After generating the embeddings, you can use the dashboard app to visualize them

### Instructions to Run the Dashboard App

1. Ensure that the embeddings have been generated and saved in the cache directory.
2. Navigate to the directory containing `app.py`.
3. Run the app using the command:
   ```
   python app.py
   ```
4. Open the provided URL (usually `http://0.0.0.0:3000`) in your web browser.

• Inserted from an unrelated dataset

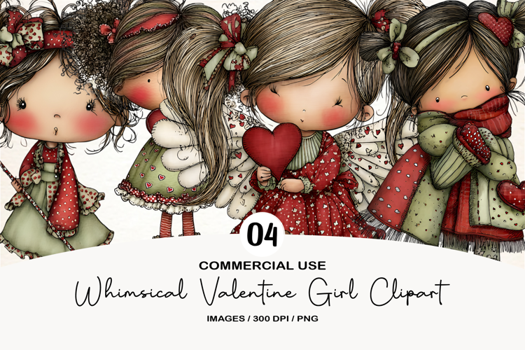 Whimsical Valentine Girl Clipart

The dashboard should now display the embeddings and allow you to interact with them.

## Adding New Models

To add new models, update the `embedding_models_info` dictionary in `embedding_utils.py` with the details of the new model.

### Example: Adding a New Hugging Face Model

```python
# In embedding_utils.py
embedding_models_info = {
    'OpenAI': {
        'type': 'openai',
    },
    'YourModelName': {
        'type': 'hf',
        'tokenizer_name': 'your-model-tokenizer-name',
        'model_name': 'your-model-name'
    },
}
```

After updating, you can regenerate embeddings for the new model using the same process.